→ **TASK DIRECTIONS**: Beginning at the line that contains "Demonstruesit në Mexico", reproduce the entries below exactly, ending with the line that contains "the art connoisseur.". Omit each picture.

--- EXTRACTED RECORDS Enclosed Below ---

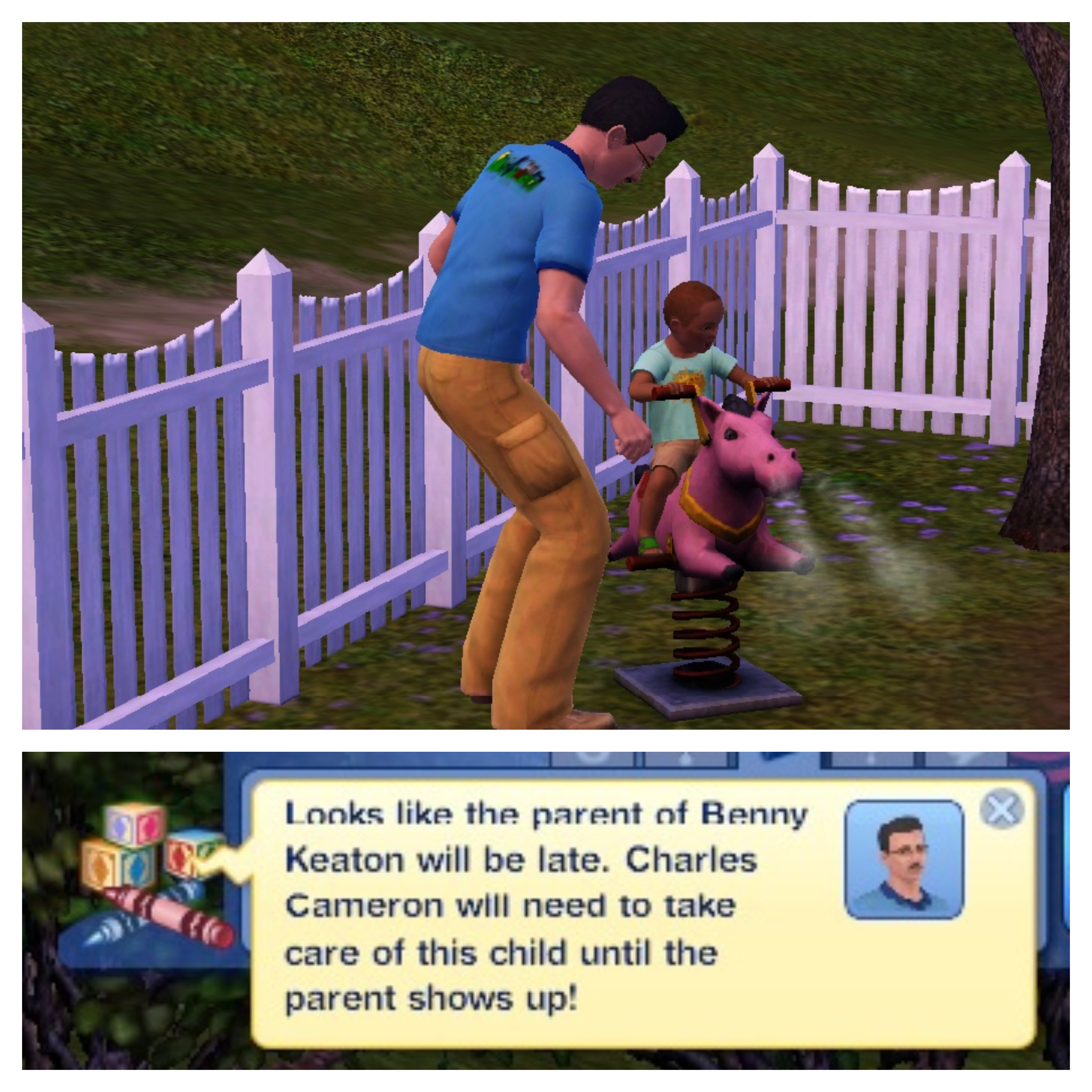The rain stops and Charles takes Benny outside where he gets a message letting him know that Benny’s parent will be late. “Benny, you have time for another pony ride!” “Wheee!!!”
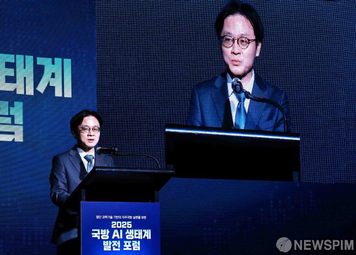 [서울=뉴스핌] 김정관 산업통상부 장관이 3일 서울 용산구 그랜드하얏트호텔에서 열린 국방 AI 생태계 발전포럼에서 축사를 하고 있다. [사진=산업통상부] 2025.12.03 photo@newspim.com
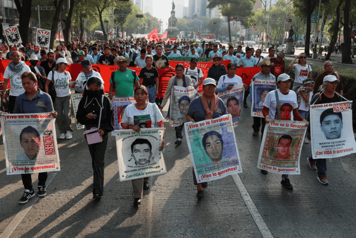 Demonstruesit në Mexico City mbajnë fotografi të studentëve të zhdukur. Gati 43,000 njerëz janë zhdukur gjatë presidencës së López Obrador
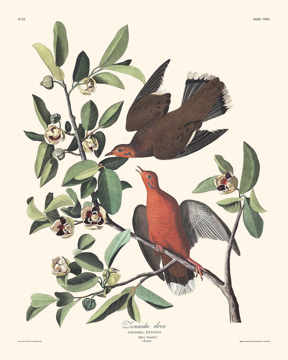 The "Zenaida Dove" image is notable not only for its artistic finesse but also for its narrative richness. Audubon eloquently describes the dove's evocative cooing, capable of stirring profound emotion, even converting a hardened soul like a pirate's towards redemption. Such powerful storytelling, combined with meticulous detail, makes this artwork deeply appealing for both the ornithologist and the art connoisseur.
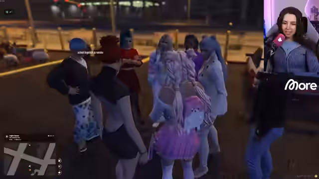 05:08:24Nach einigen technischen Schwierigkeiten beim Einloggen in das GTA RP, gelingt es der Streamerin, als Daisy in die Spielwelt einzusteigen. Sie trifft sofort auf einen anderen Spieler, Kai, und bietet ihm an, ihn mit ihrem Motorrad zum UwU-Café zu fahren. Während der Fahrt werden sie von einem Raser überholt und von der Polizei verfolgt. Im Café angekommen, geht Daisy auf Nami zu, die dort arbeitet, und unterhält sich mit ihr.
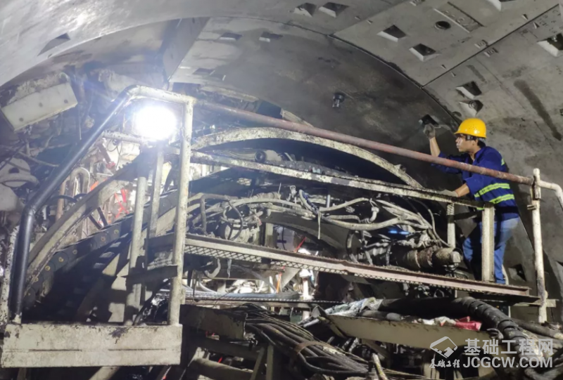 盾构下穿过程,现场实行24小时值班机制,技术人员严格控制每一环掘进参数,并同步做好注浆加固工作。经过600多个小时的连续奋战,地铁建设者们以最严谨的态度和精细、高超的管控,顺利破除困难,确保地铁隧道安全穿越北环高速桥涵。
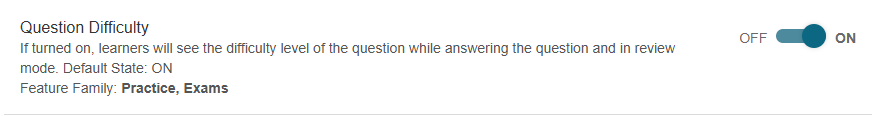 The Question Difficulty feature is enabled at a course level by default. Reach out to BenchPrep if you would like to toggle the feature access OFF.
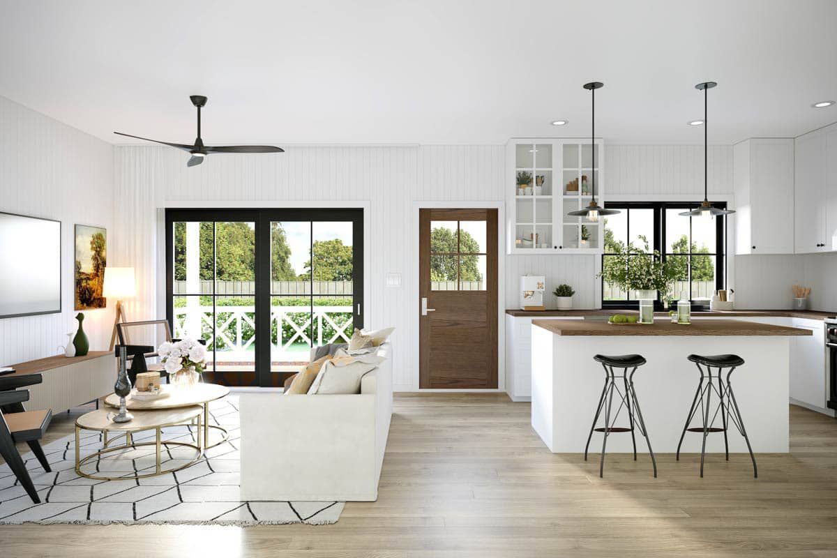 The design features an **open concept** layout in the main living area: the kitchen sits on the left side (with a double sink under windows), and the living room on the right.
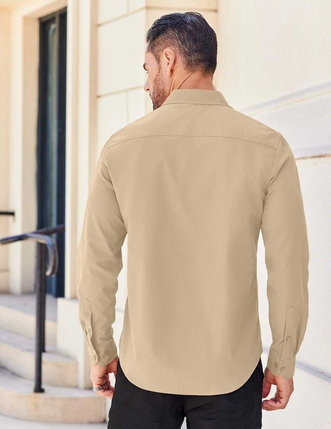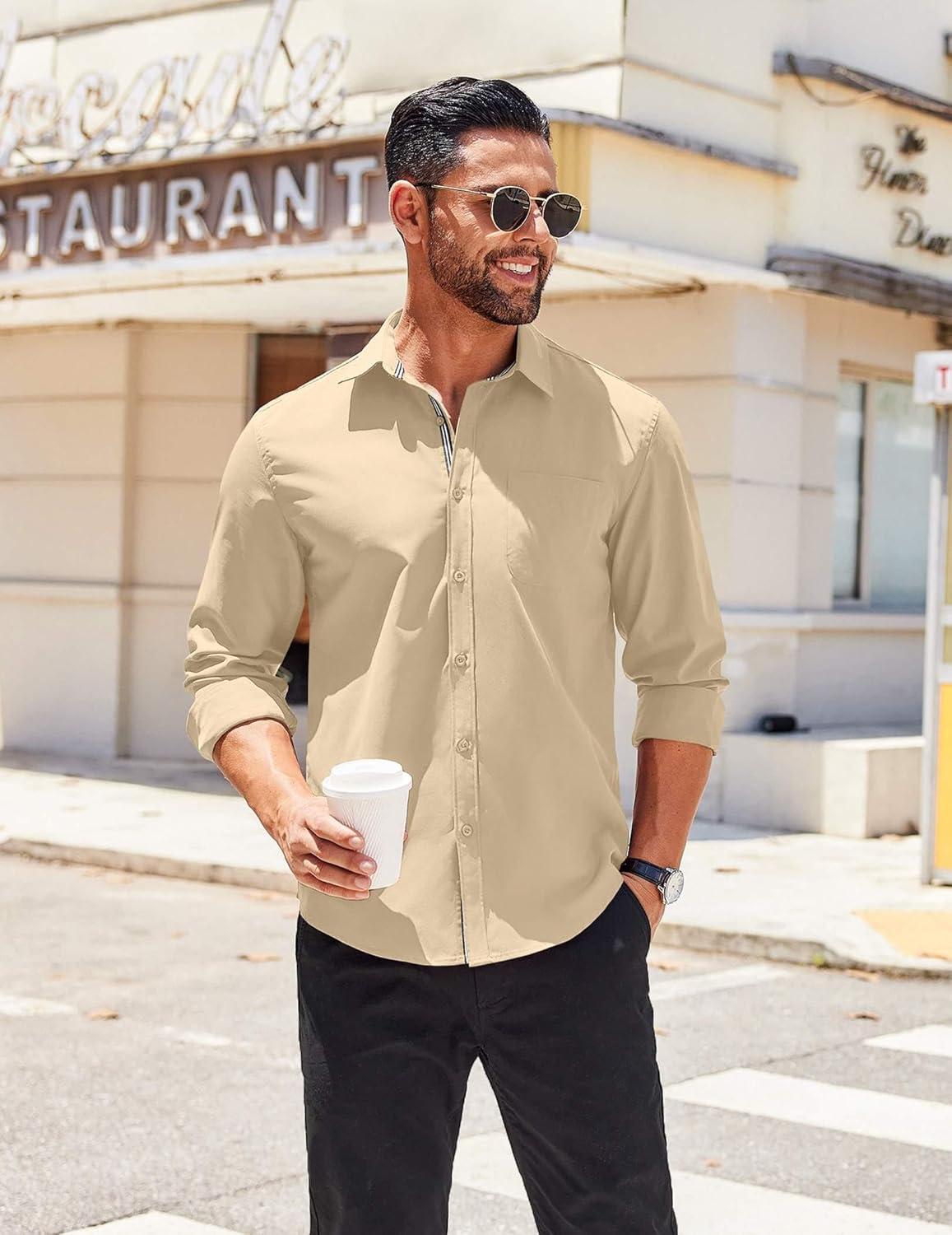 COOFANDY Men’s Long Sleeve Casual Button Down Shirts Untucked Shirts for Men Regular Fit Dress Shirt(Beige)
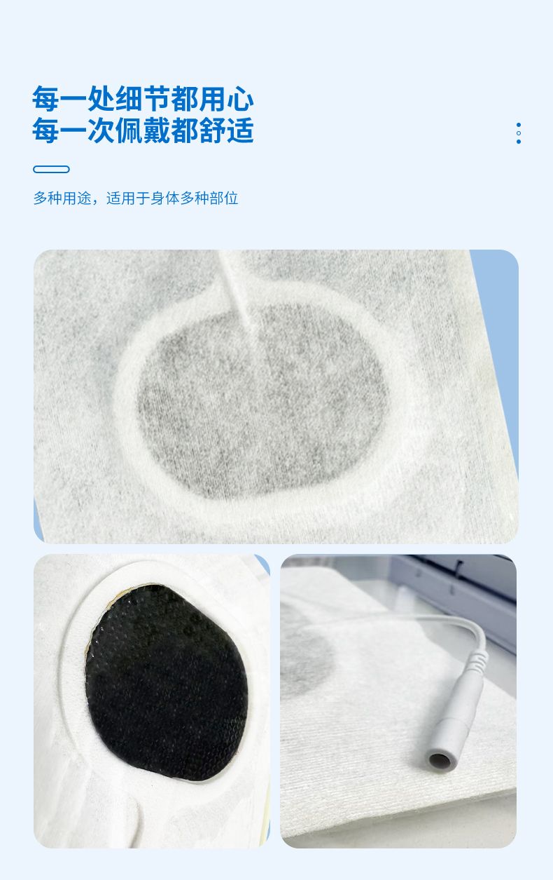 | 使用方法 | 使用方法:撕開包裝袋取出產(chǎn)品,撕去防粘紙一面貼于需要的部位,另一面貼在儀器電極板上。一次性理療電極片(溫?zé)嵬富姌O片)結(jié)構(gòu)簡(jiǎn)單,操作方便。 |
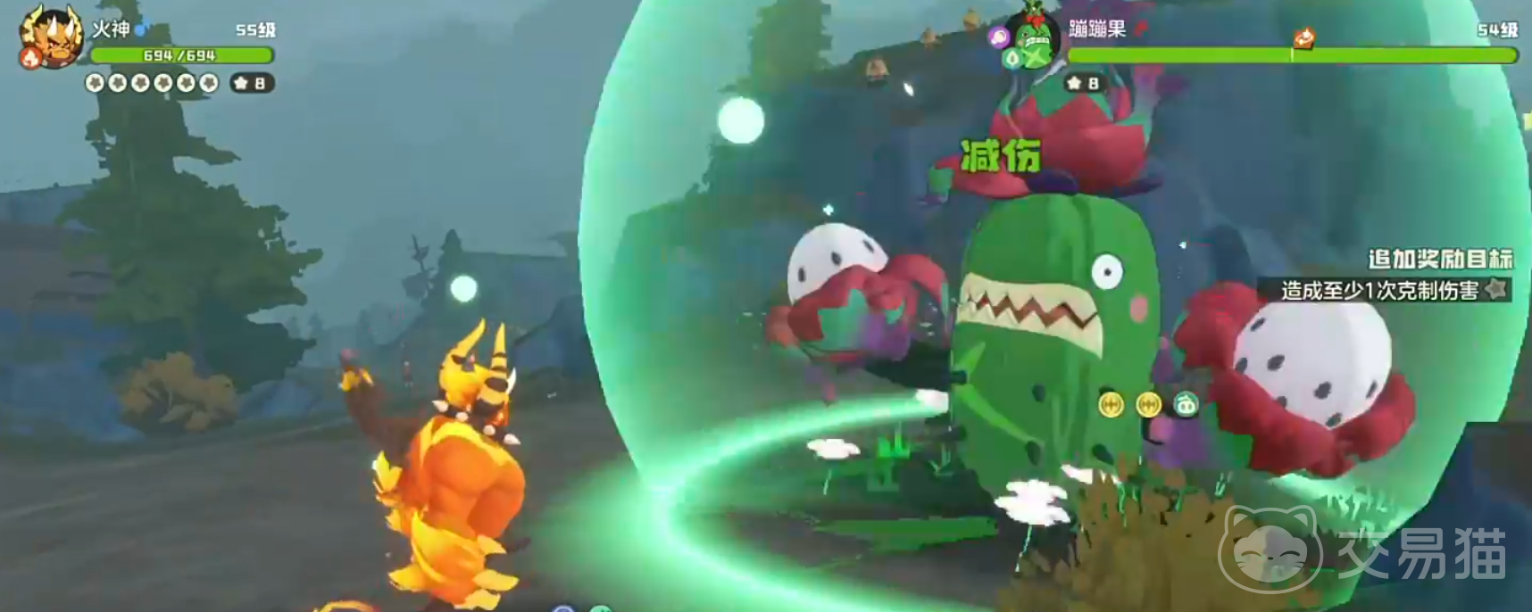 蹦蹦果拥有“生物碱”特性,每次释放技能后会为敌方附加两层中毒状态,且自身属性为草+毒组合,具备较强的持续伤害能力。战斗分为两个主要阶段,第一阶段以环境互动为主,此时蹦蹦果不会使用复杂技能,主要通过跳跃方式进行大范围打击。
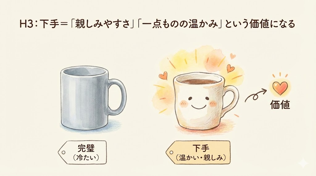 下手=「親しみやすさ」「一点ものの温かみ」という価値になる

--- End of Enclosed EXTRACTED RECORDS ---

→ **EXERCISE RESPONSE**:
 Demonstruesit në Mexico City mbajnë fotografi të studentëve të zhdukur. Gati 43,000 njerëz janë zhdukur gjatë presidencës së López Obrador
 The "Zenaida Dove" image is notable not only for its artistic finesse but also for its narrative richness. Audubon eloquently describes the dove's evocative cooing, capable of stirring profound emotion, even converting a hardened soul like a pirate's towards redemption. Such powerful storytelling, combined with meticulous detail, makes this artwork deeply appealing for both the ornithologist and the art connoisseur.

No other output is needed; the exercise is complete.